Just a minor terminological note.

Anyway, while that split-the-key scheme _works_ , I wouldn't use it over one
of the real secret sharing schemes cryptographers have developed, e.g.
Shamir's secret sharing scheme [1]. If you just split a key and give pieces to
different people, the more pieces of the key an enemy can collect, the easier
time they will have when brute-forcing it.

On the other hand, Shamir's secret sharing scheme is an information-
theoretically secure threshold scheme. That is, a key is broken up into _n_
pieces and _t_ of those pieces are required to reconstruct the secret. In
Shamir's scheme, the enemy can collect _t-1_ pieces of the secret and still
have no chance in reconstructing the password; it simply is impossible.

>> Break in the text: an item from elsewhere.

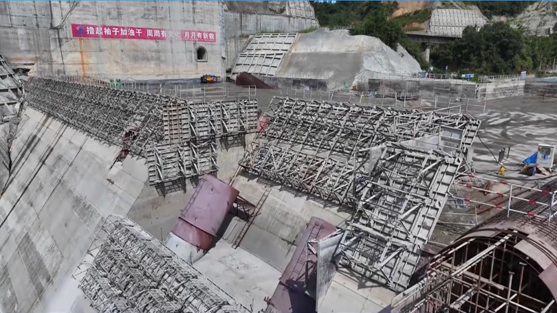 工程另一建设重点是位于大坝下游的发电厂房,厂房为坝后式结构,包含主厂房、副厂房、安装厂及尾水结构四个部分,计划安装三台机组,总装机容量57兆瓦。目前,发电厂房已完成基础开挖,正在进行厂房下部结构施工,主厂房已浇筑至187.6米高程,副厂房浇筑至190.5米高程,安装厂浇筑至189.5米高程。按计划,今年年底将完成厂房210.5米以下结构施工,为机组安装创造条件,整体厂房工程预计明年年底基本完工。

The scheme works off of the idea that an _m_ -degree polynomial is uniquely
defined by _m+1_ points. For example, here's a point from a 1-degree
polynomial (line), which would model a _t=2_ scheme: (1,4). Can you figure out
the y-intercept? (Actually, Shamir's scheme uses finite fields, but I think
asking this question drives the point home.)

So, generate a key, split it up into a bunch of pieces, and require a
threshold of those pieces to be present. Coercion-free and even if an
intelligence agency can compromise many pieces, they still can't do anything
until they've hit the threshold. Also, if you want to require all pieces
present, just set _t=n_.

[1]
[https://en.wikipedia.org/wiki/Shamir's_Secret_Sharing](https://en.wikipedia.org/wiki/Shamir's_Secret_Sharing)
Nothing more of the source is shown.